京都の名店「瓢亭(ひょうてい)」さん。
瓢亭はなんと400年の歴史を持ち(!)、ミシュラン最高ランクの3つ星を13年維持(!)している、京都を、いえ、日本を代表する名店です。
瓢亭の本店でいただく朝がゆは、体験です。
お料理もさることながら、風情のあるお庭、お店の佇まい、おもてなし……どれかひとつだけを切り取って語ることのできない、一連の体験なんだ、と感じました。
今回は瓢亭の本店で7〜8月にだけいただくことのできる「朝がゆ」をご紹介いたします。
くたびれた夏の身体にすーっと沁みる、とびきり贅沢な朝ごはん。人生に一度は是非。
お席までの風景がすごい
夏の朝。一ヶ月ほど前から予約していた、伝統の朝がゆを求めてやってきました。
京都南禅寺近くの閑静なエリアにある、老舗料亭「瓢亭(ひょうてい)」さんの「本店」。オーラがすごいです。
ありました、ひょうたんマーク!
「懐石料理 朝かゆ 京南禅寺湖畔 瓢亭 本店」の旗が目印。
懐石料理です、懐石料理!緊張です……!
「お正座の席でも大丈夫ですか?」と尋ねられ「はい」と答えると、奥へ奥へと進みます。
暖簾をくぐり足を進めると、涼しさを感じる青々しいお庭とご対面!
夏の光で茅葺に茂る苔がキラキラ〜……!緑がキラキラ〜……!
こんな素敵な景色が広がっているだなんて!非日常。ぐっと体感温度が下がる不思議な心地です。

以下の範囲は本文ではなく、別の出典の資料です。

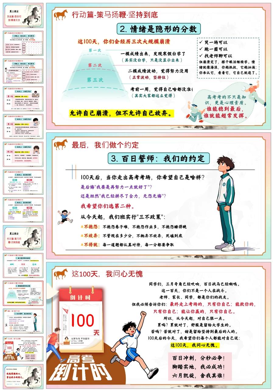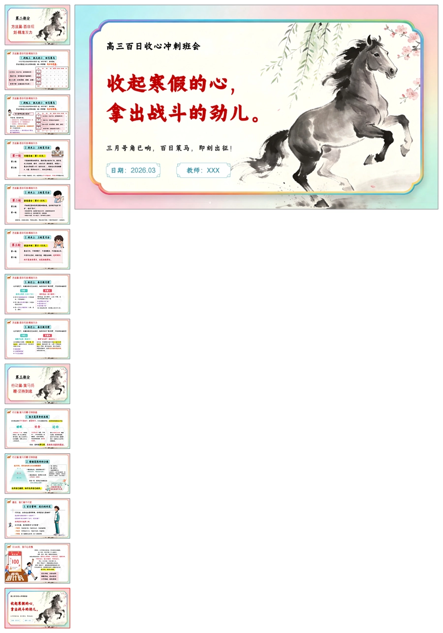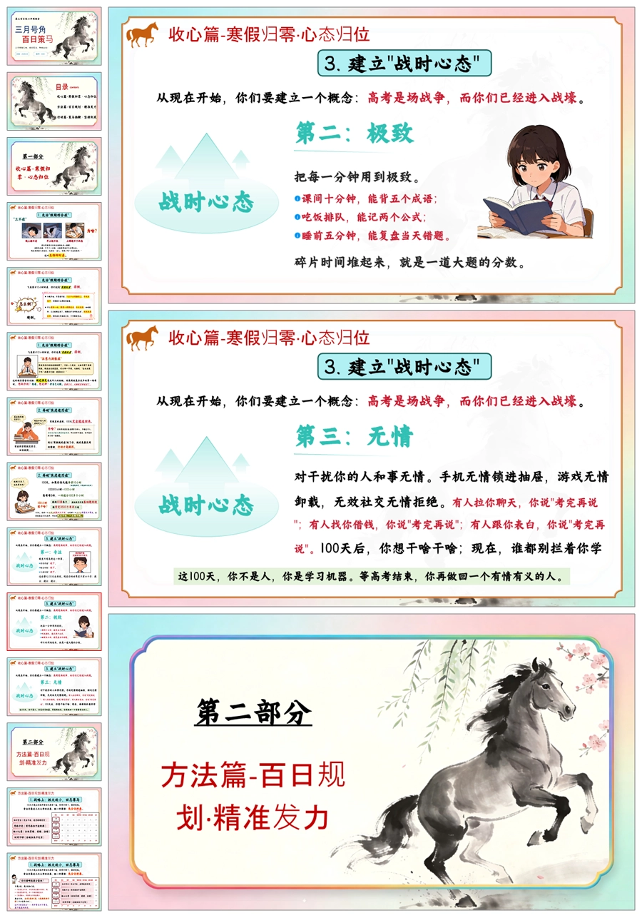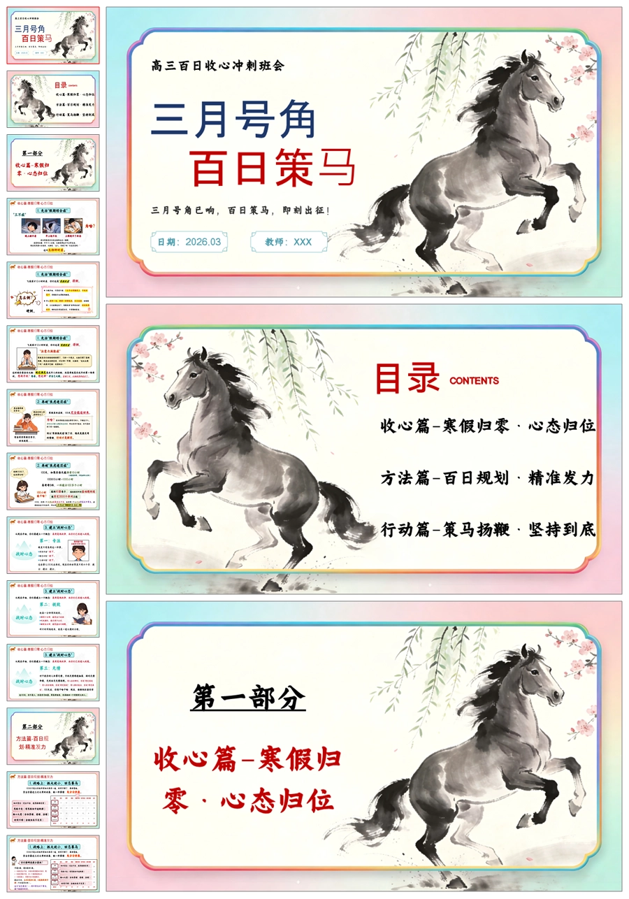【6008】《三月号角百日策马》高三百日冲刺主题班会PPT课件+教案

お庭をぐんぐんと抜けて案内されたのは、一番奥のはなれ。
わあ、素敵!ゆっくりいただきたかったから個室はうれしいな。
ちなみに予約の時点でお席の指定があるわけではなくて、訪れたタイミングと、正座がOKかNGかでお部屋が決まるようです。
案内いただいたこちらのお部屋、中からの景色も最高!
緑を通り抜けた夏の光がやわらかに降り注ぎます。
水の音に目を向けると、鯉がゆらゆら。ああ、風流。ああ、素敵。
うっとりししてうると、さっそくお料理がはじまりました。
「朝がゆ」までの流れがすごい
「まずは梅湯から、お口をさっぱりさせていただければと思います」と、湯呑みがちょこん。
木のふたを開けると、ふわっと昆布の香りが!
ああ〜……お出汁〜……!梅のさっぱり〜……!
お、おいしい〜……!
ゆっくりゆっくり丁寧に、味わいます。
「すっきりするねえ、おいしいねえ」「器もすてきだねえ」とひとつひとつに感動。
そうこうしているうちに、かの有名な「ひょうたん型三段重」「瓢亭たまご」の登場です!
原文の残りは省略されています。